Add a new column to the expected value table; baserunners_tot, the total number of base runners on all three bases for each base state. Use the ‘mutate’ function to create the new column based on the addition of all three bases.
expect_value_A <- expect_value %>%
mutate(baserunners_tot = (base_1+ base_2+ base_3))
Let’s take a quick look at the expect value. Plot the expect values of different out states.
Does that make sense? The expected value is highest with zero outs and decreases with increasing outs. The expected value with 3 outs is zero; the inning is over. Within each out state, the more runners on base, the higher the expected value.
read in the event file & select a player read in the abbreviated stolen base attempt event file
event_BSA_short <- read_csv('event_SBA_short.csv')
##
## ── Column specification ────────────────────────────────────────────────────────
## cols(
## runner_name = col_character(),
## runner_ID = col_character(),
## OUT_STATE = col_double(),
## base_1 = col_double(),
## base_2 = col_double(),
## base_3 = col_double(),
## SBA_outcome = col_character()
## )
you can see the column names of the df above. There are 6 columns.

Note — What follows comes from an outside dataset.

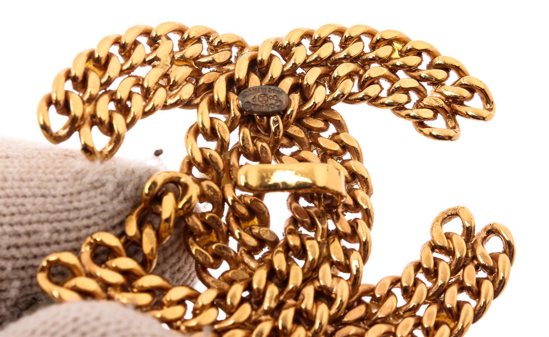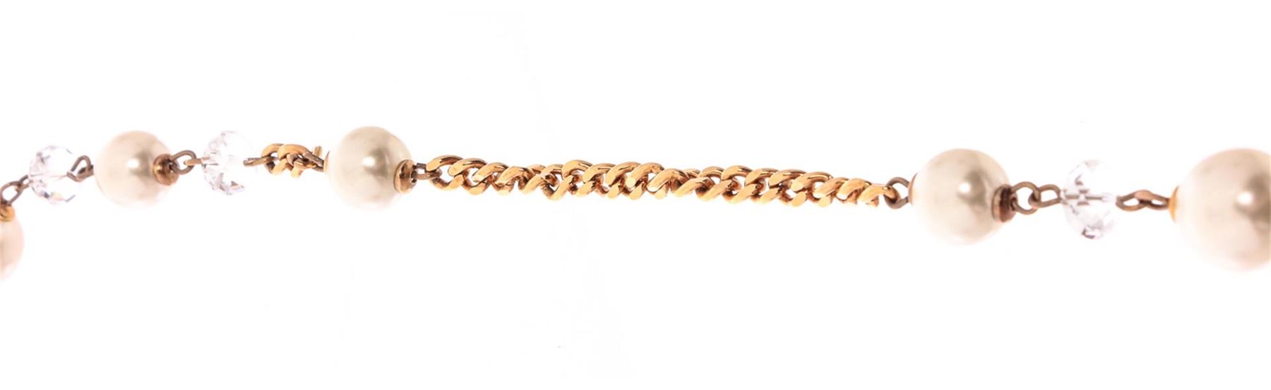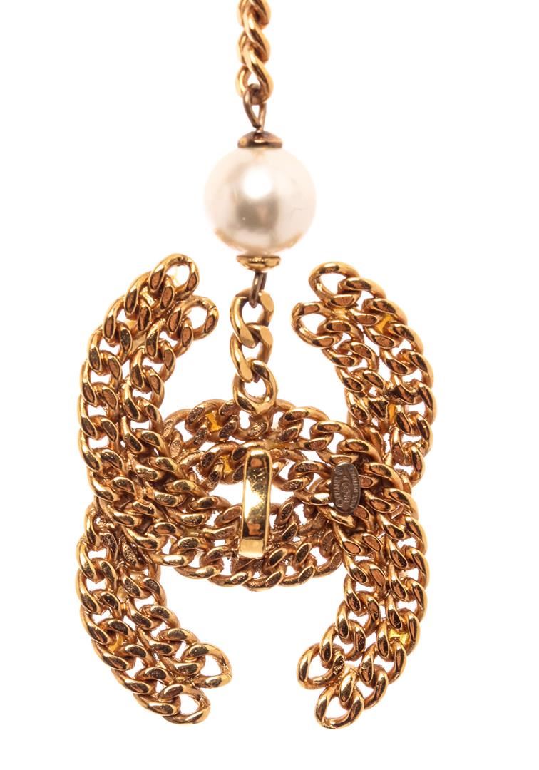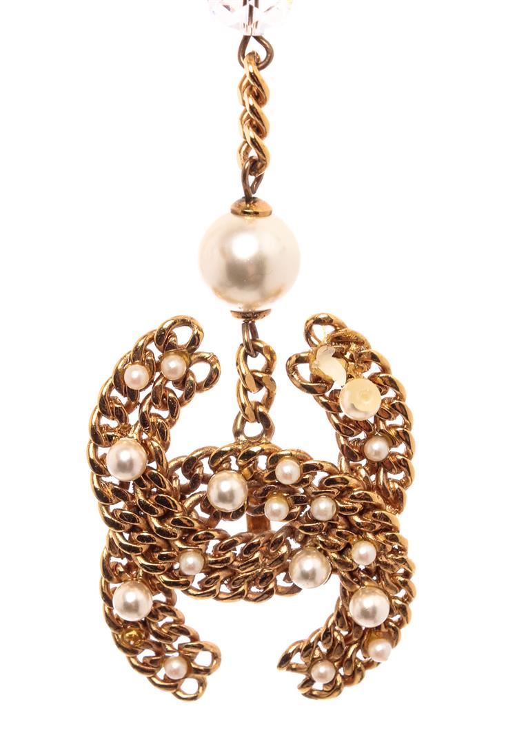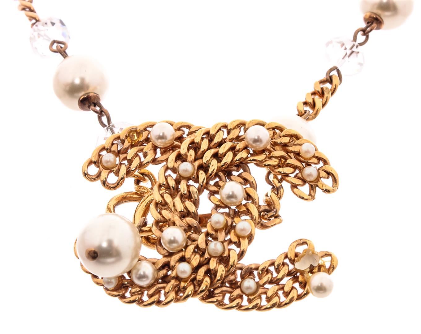 Textured gold-tone CC chain Chanel pendant necklace featuring faux pearl and crystal embellishments. Hook closure at pendant.

Let’s take a looks at the table, use the ‘head’ function to show the event file
head(event_BSA_short)
## # A tibble: 6 × 7
## runner_name runner_ID OUT_STATE base_1 base_2 base_3 SBA_outcome
## <chr> <chr> <dbl> <dbl> <dbl> <dbl> <chr>
## 1 Bryce Harper harpb003 0 1 0 0 success
## 2 Bryce Harper harpb003 2 0 1 0 success
## 3 Bryce Harper harpb003 2 1 0 0 success
## 4 Cesar Hernandez hernc005 1 0 1 0 fail
## 5 Cesar Hernandez hernc005 1 1 0 0 fail
## 6 Cesar Hernandez hernc005 2 1 0 0 success
see what runner are available in the event file:
table(event_BSA_short$runner_name)
##
## Bryce Harper Cesar Hernandez J.T. Realmuto Jean Segura
## 3 3 3 3
there are four different runners, and each runner has 3 observations (i.e. three SBA).

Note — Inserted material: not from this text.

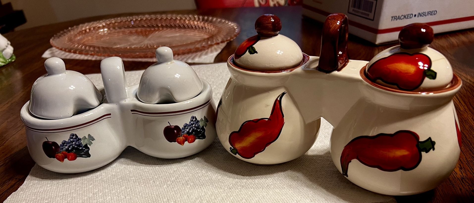 Cleaning out my mother-in-law’s house who recently passed. Except reasonable offers. Try to provide the best photos and information. Will only meet in Logan, Chapmanville or Harts areas. Shipping is on the post. Questions, please ask. CHECK OUT MY OTHER POSTS!!!! 2 sets of condiment servers. Houston harvest and jalapeno hand painted server set. Jalapeno set has a small crack on lid.

filter the event file to select only one player
event_BSA_short_harper <- event_BSA_short %>%
filter(runner_ID=='harpb003')
take a look on the new dataframwe
head(event_BSA_short_harper)
## # A tibble: 3 × 7
## runner_name runner_ID OUT_STATE base_1 base_2 base_3 SBA_outcome
## <chr> <chr> <dbl> <dbl> <dbl> <dbl> <chr>
## 1 Bryce Harper harpb003 0 1 0 0 success
## 2 Bryce Harper harpb003 2 0 1 0 success
## 3 Bryce Harper harpb003 2 1 0 0 success
table(event_BSA_short_harper$runner_name)
##
## Bryce Harper
## 3
Use the merge function to add the expected value for each of the 24 base-out states.

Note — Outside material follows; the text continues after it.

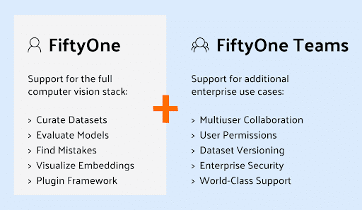 FiftyOne Teams extends FiftyOne with a GSuite-like experience for teams that want to collaborate on data stored in a centralized location with additional features like user permissions, dataset versioning, cloud-backed media, and enterprise security.
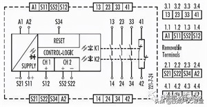 我们以某安全继电器为例,其内部控制电路如下图所示:

event_BSA_short_harper_ev <- merge(event_BSA_short_harper, expect_value,
by=c('OUT_STATE', 'base_1', 'base_2', 'base_3'))
take a look at this dataframe of a single player. Note how the expected value column was added for each base-out state
head(event_BSA_short_harper_ev)
## OUT_STATE base_1 base_2 base_3 runner_name runner_ID SBA_outcome EV_state
## 1 0 1 0 0 Bryce Harper harpb003 success 0.859
## 2 2 0 1 0 Bryce Harper harpb003 success 0.319
## 3 2 1 0 0 Bryce Harper harpb003 success 0.224
## base_state_name
## 1 on 1st
## 2 on 2nd
## 3 on 1st
determing State 2, the base state and out state after a SBA.
State 2 out state: Calculate the change in out state based on outcome of the stolen base attempt. Success, a successful SBA does not change the out state, or fail, a SBA that leads to an out increases the out state buy 1 out.
event_BSA_short_harper_ev_B <- event_BSA_short_harper_ev %>%
mutate(S2_OUT_STATE= ifelse(SBA_outcome=='success', OUT_STATE, 1+OUT_STATE))
view the modified dataframe
head(event_BSA_short_harper_ev_B)
read in table with the changes in base state with a SBA
SBA_state_change <- read_csv('SBA_state_change.csv')
##
## ── Column specification ────────────────────────────────────────────────────────
## cols(
## base_1 = col_double(),
## base_2 = col_double(),
## base_3 = col_double(),
## SBA_outcome = col_character(),
## S2_base_1 = col_double(),
## S2_base_2 = col_double(),
## S2_base_3 = col_double()
## )
merge the change in base state at State 2 with the df:
event_BSA_short_harper_ev_C <- event_BSA_short_harper_ev_B %>%
merge(SBA_state_change, by=c('base_1', 'base_2', 'base_3', 'SBA_outcome'))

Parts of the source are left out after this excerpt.